▸ What you need to do:
A faithful copy of the listing below is needed, one that contains no pictures.

▸ Supplied material:
::::::

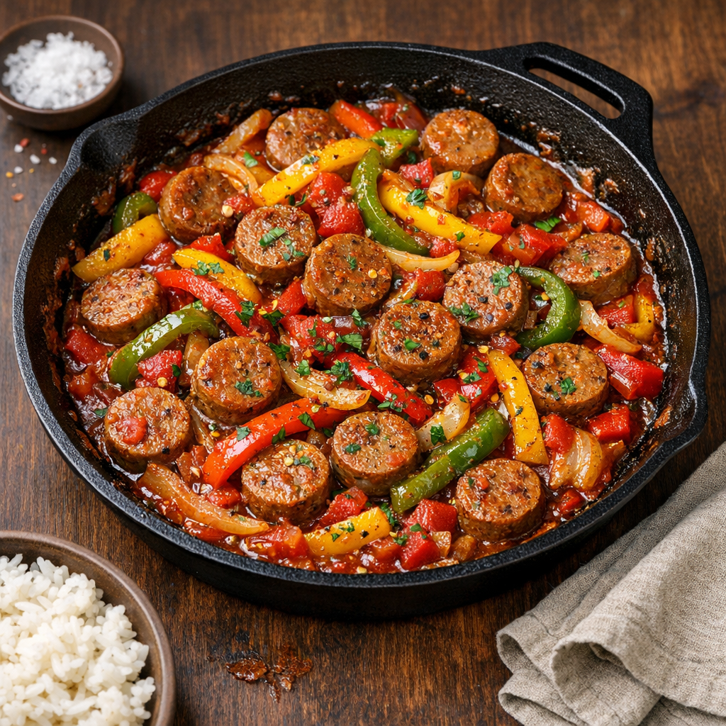 A cozy, weeknight-friendly vegan sausage and peppers skillet with sweet caramelized onions, tender bell peppers, and a glossy tomato-garlic sauce—comfort food that still feels fresh and nourishing.
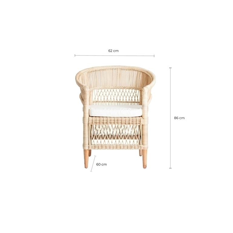 Кресло elna, натуральный цвет, современный стиль. Изготовлен из ротанга в сочетании с деревом минди и хлопком.
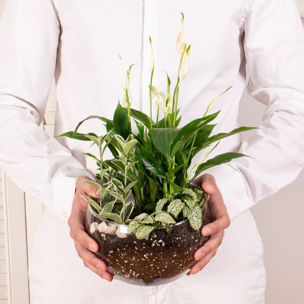 To get the most out of this plant arrangement or terrarium, please add a little water to the right of each plant whenever needed. As terrariums or plant arrangements are made in pots that do not allow excess water to drain away, the recommendation is to add water only when you see the substrate starting to dry out.
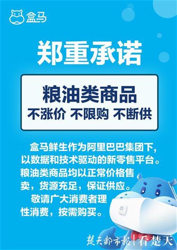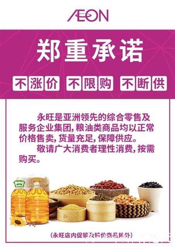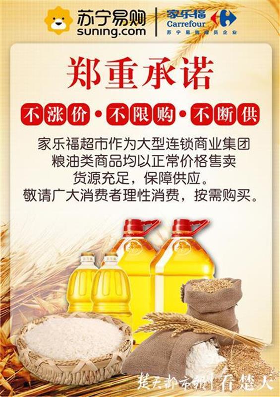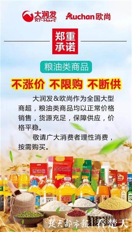 楚天都市报讯(记者周丹)4月1日,包括武商超市、中百仓储、中商超市、家乐福、盒马鲜生、沃尔玛、永旺等在内,武汉多家超市共同承诺:粮油类商品不涨价、不限购、不断供。各超市也都提醒消费者理性消费,按需购买。记者了解到,目前粮油类商品均以正常价格售卖,货源充足,保障供应。

::::::

▸ Answer to this problem:
 A cozy, weeknight-friendly vegan sausage and peppers skillet with sweet caramelized onions, tender bell peppers, and a glossy tomato-garlic sauce—comfort food that still feels fresh and nourishing.
 Кресло elna, натуральный цвет, современный стиль. Изготовлен из ротанга в сочетании с деревом минди и хлопком.
 To get the most out of this plant arrangement or terrarium, please add a little water to the right of each plant whenever needed. As terrariums or plant arrangements are made in pots that do not allow excess water to drain away, the recommendation is to add water only when you see the substrate starting to dry out.
 楚天都市报讯(记者周丹)4月1日,包括武商超市、中百仓储、中商超市、家乐福、盒马鲜生、沃尔玛、永旺等在内,武汉多家超市共同承诺:粮油类商品不涨价、不限购、不断供。各超市也都提醒消费者理性消费,按需购买。记者了解到,目前粮油类商品均以正常价格售卖,货源充足,保障供应。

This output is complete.